Keeping every word the same, give again only the lines from the one with "Человек с багажом регистрируется в отеле" through the end of the data, both included, and leave every picture out.
________
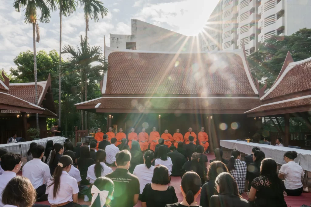 โดยได้รับความเมตตาจากพระกาญจน์ สุญาณิกโพธิ เปรียญ พร้อมด้วยพระภิกษุรวม จำนวน ๑๐ รูป จาก วัดสระเกศ เพื่อเป็นการสืบสานประเพณีและ พิธีการทางพระพุทธศาสนา พร้อมทั้งกล่าวธรรมกถา เพื่อน้อมอุทิศถวายเป็นพระราชกุศลแด่สมเด็จพระนางเจ้าสิริกิติ์ พระบรมราชินีนาถ พระบรมราชชนนีพันปีหลวง โดยมีนิสิตจุฬาฯ, นักเรียนจากโรงเรียนสาธิตจุฬาลงกรณ์มหาวิทยาลัย ฝ่ายประถม, ชาวจุฬาฯ และพุทธศาสนิกชน ร่วมกิจกรรมในครั้งนี้เป็นจำนวนมาก
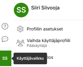 Kirjaudu web-järjestelmään ja klikkaa omia nimikirjaimiasi vasemmalta alhaalta, tämän jälkeen klikkaa Profiilin asetukset.
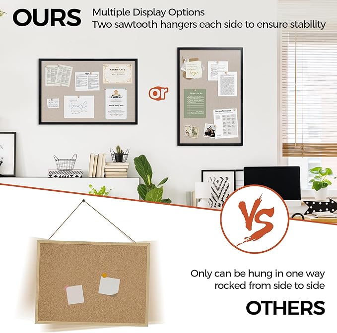 - Unique Design: Easily customize the board orientation to fit your space. Natural cork bulletin board add a classic look to your office or home. Both strong and stylish, it will be a great addition to your space
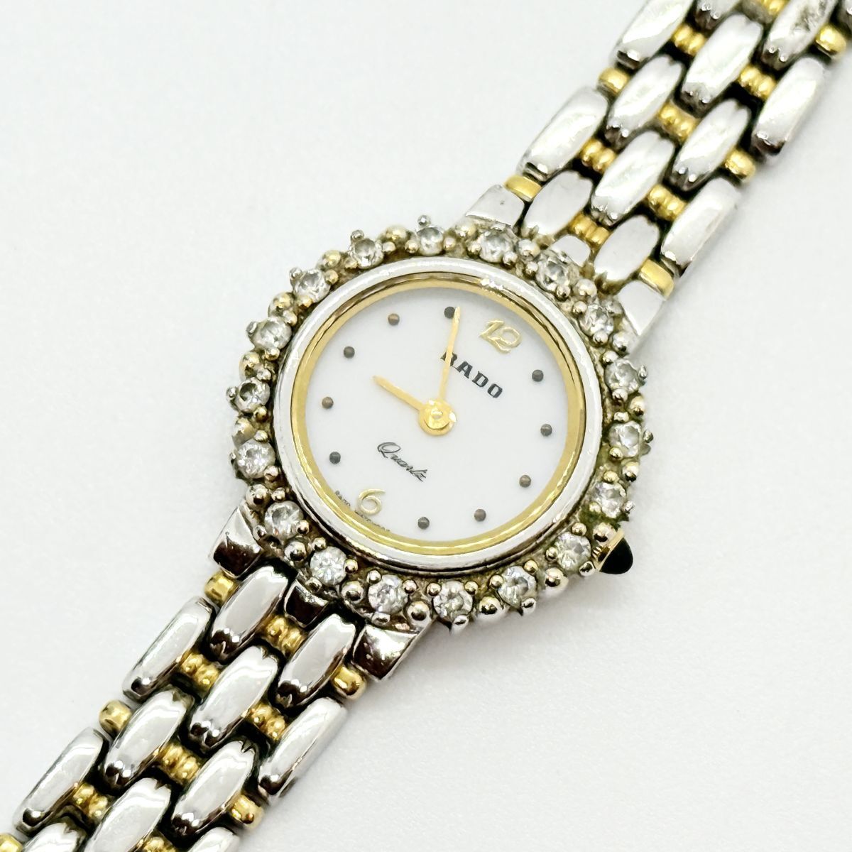 T6794 激安セール RADO ラドー 133.9702.2 ストーンベゼル ホワイトシェル クオーツ シルバー ゴールド 腕時計 レディース
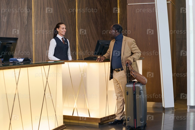 Человек с багажом регистрируется в отеле
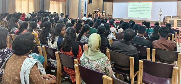 The session was led by Dr. Shinomol George, Internship Coordinator, who provided detailed guidance on internship objectives and expectations. She highlighted the significance of internships in enhancing skill development, gaining industry exposure, and fostering research orientation among students.
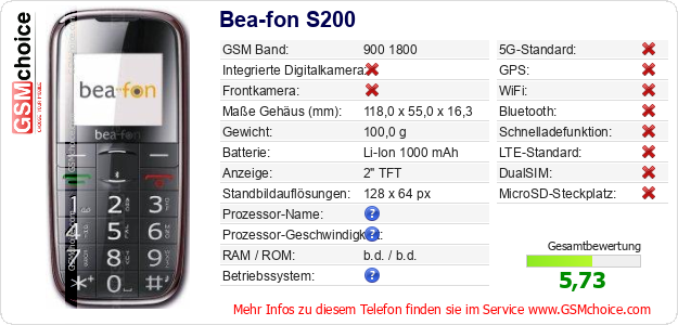 Hast du eigene Webseite? Willst du die Informationen über Standarddaten des Handys Bea-fon S200 irgendwo veröffentlichen? Das ist sehr einfach. Du kannst das Bild herunterladen oder kopieren und auf der Webseite folgenden Code hinzufügen:Das Einfügen von diesem Code verursacht das Anzeigen von dem folgenden Bild:
________
● RESPONSE TO THE TASK:
 Человек с багажом регистрируется в отеле
 The session was led by Dr. Shinomol George, Internship Coordinator, who provided detailed guidance on internship objectives and expectations. She highlighted the significance of internships in enhancing skill development, gaining industry exposure, and fostering research orientation among students.
 Hast du eigene Webseite? Willst du die Informationen über Standarddaten des Handys Bea-fon S200 irgendwo veröffentlichen? Das ist sehr einfach. Du kannst das Bild herunterladen oder kopieren und auf der Webseite folgenden Code hinzufügen:Das Einfügen von diesem Code verursacht das Anzeigen von dem folgenden Bild:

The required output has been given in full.